The bad news, of course, is that Cornell can't reach everybody. And we also know from some of the research that Kendra was talking about that very few students from disadvantaged family backgrounds actually have the test scores and the prior learning and the academic knowledge and so forth, the cultural capital, to be able to make it through Cornell's very competitive process.
There's a couple of other ways that Cornell is contributing to the American dream. Again, these, I think, become obvious when you think about the panel so far. First of all, it's training the next generation of leaders, like Dominique, like Adrian, like many, many other students who-- many of you are actually sitting now in the audience today. This is an extraordinarily important contribution that Cornell makes to the American dream itself.
The third contribution is the research mission of the university and the excellence of the social sciences at Cornell. Professor Bischoff, Enns, and I are only three of many faculty at Cornell who are trying to understand the causes of consequences of inequality of opportunity, trying to understand what can be done about it, trying to identify the crucial policy levers that can help mitigate barriers to opportunity and so forth.
A lot of progress has been made over the last decade, even when inequality scholarship, I think, really began to take off, particularly in economics. Sociologists have been whining about inequality for 50 or 60 years. We still have a lot of work to do. We still need to know more about the mechanisms. Why is it that there is such a strong link between the position of the parents and the outcomes of the children?
The fourth way, though, that I think that Cornell can help revitalize the American dream is to really help frame the national debate about equality of opportunity. I've been very much encouraged by all the coverage that inequality scholarship is getting in the press these days.
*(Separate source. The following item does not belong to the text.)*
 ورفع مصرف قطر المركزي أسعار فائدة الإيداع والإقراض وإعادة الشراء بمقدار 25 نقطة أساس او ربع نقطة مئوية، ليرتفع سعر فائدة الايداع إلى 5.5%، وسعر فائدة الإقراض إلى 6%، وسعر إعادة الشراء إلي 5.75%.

But I think it's too easy to become discouraged, as a consumer of all that knowledge, by factoids, or to become confused by the barrage of studies this way and that, pointing out this form of inequality and that form of inequality.
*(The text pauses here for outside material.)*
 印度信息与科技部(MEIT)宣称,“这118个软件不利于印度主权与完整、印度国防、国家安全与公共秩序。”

One of the many skills that we try to teach our Cornell students is how to make sense of this morass of social statistics, to think about the bigger picture, and to understand that the success and failure of individuals does not take place in a vacuum, as Kendra mentioned. Institutions matter, both in positive ways and negative ways. And institutions are social constructions, and they can be changed.
We are all thought leaders in our own way. And it's our job as faculty, as administrators, as students, as alumni, and as trustees to help our fellow citizens understand how the reality of mobility and opportunity in America can be better aligned with the dream of American opportunity.
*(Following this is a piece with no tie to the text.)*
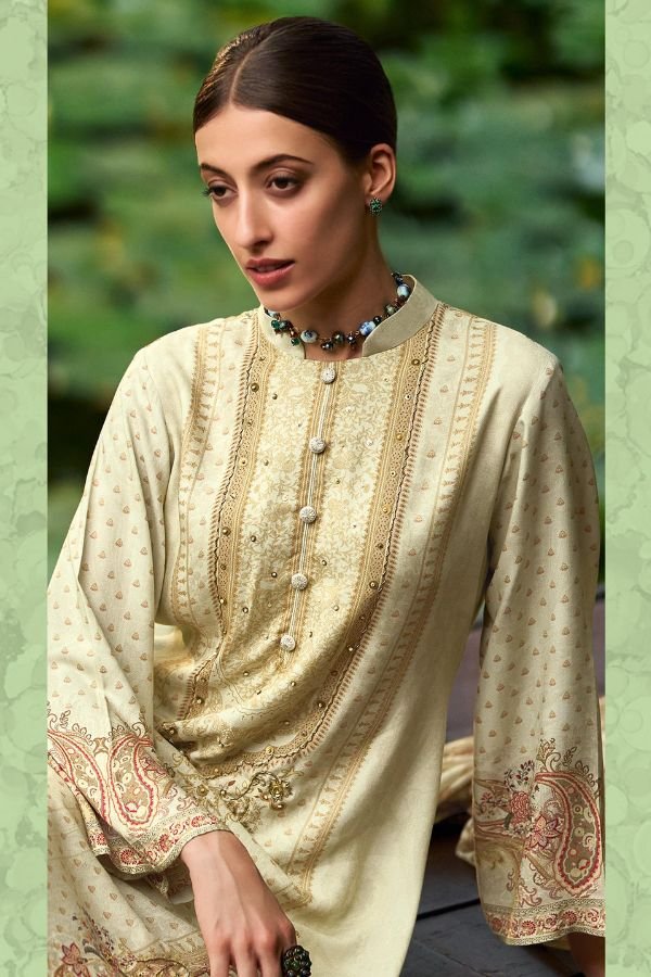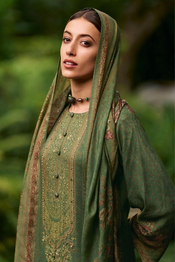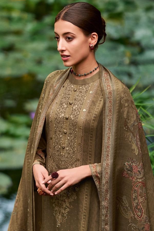 This exquisite suit set is brought to you by the renowned brand, Varsha Fashion, ensuring top-notch quality and style. From their coveted Jazba Pashmina catalogue, this set is a true masterpiece.

So I'm now going to open up the floor to questions. There are a couple of microphones, or you can raise your hands if you'd like. I'll field the questions but then direct them to somebody else who can actually answer them. Yes, sir, do you want to-- I'm sorry. The mic ended up here. I'll come to you next.
SPEAKER 1: Hi. Just a couple of questions. One, instead of framing the debate as income inequality, does it make sense to frame the debate as, how do you get incomes of low-to-middle income people higher, so that it's not a competition between two groups of people? And I always feel America's still an aspirational society. So I'm curious whether you think we should move the debate in that direction.
And then the second question was this whole view on education from different groups of people. And maybe this is not a politically correct statement, but I was just wondering if any analysis has been done on performance by different ethnic groups, in different-- even in poor-income neighborhoods, as whether, for example, Asian children from poor backgrounds, have they done better than Hispanic children or black children?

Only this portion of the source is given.